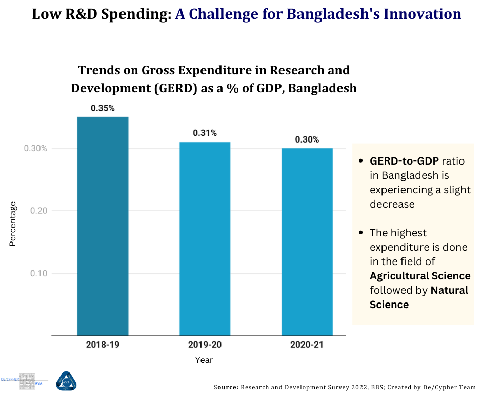 According to the Research and Development (R&D) Survey 2022, Bangladesh Bureau of Statistics, Bangladesh is experiencing a decrease in Gross Expenditure on Research and Development (GERD) as a percentage of GDP.
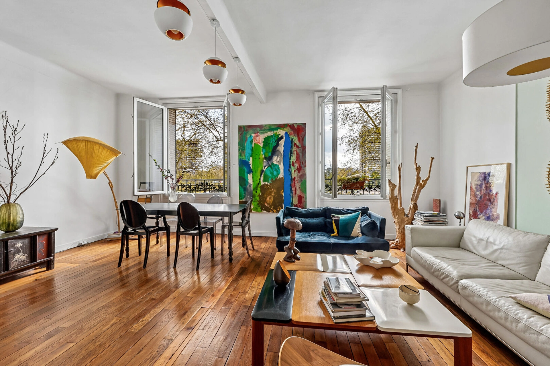 Un vaste double séjour / salle à manger avec une superbe vue plongeante sur la Seine.
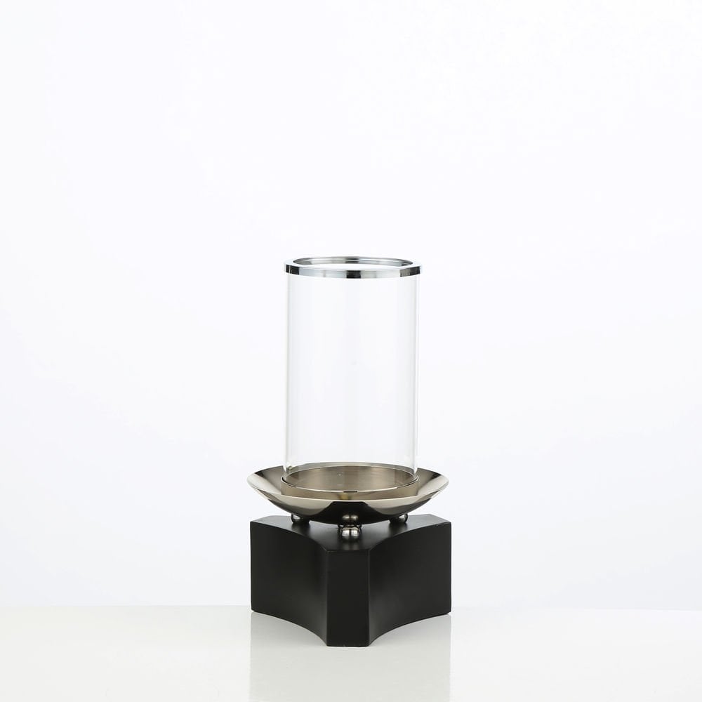 Vitale Siyah Tabanlı Cam Mumluk 16*16*27 Cm

####

| Exercise goal |
The pictures in the listing above are to be dropped, and everything else reproduced exactly.

| Answer for the task |
 According to the Research and Development (R&D) Survey 2022, Bangladesh Bureau of Statistics, Bangladesh is experiencing a decrease in Gross Expenditure on Research and Development (GERD) as a percentage of GDP.
 Un vaste double séjour / salle à manger avec une superbe vue plongeante sur la Seine.
 Vitale Siyah Tabanlı Cam Mumluk 16*16*27 Cm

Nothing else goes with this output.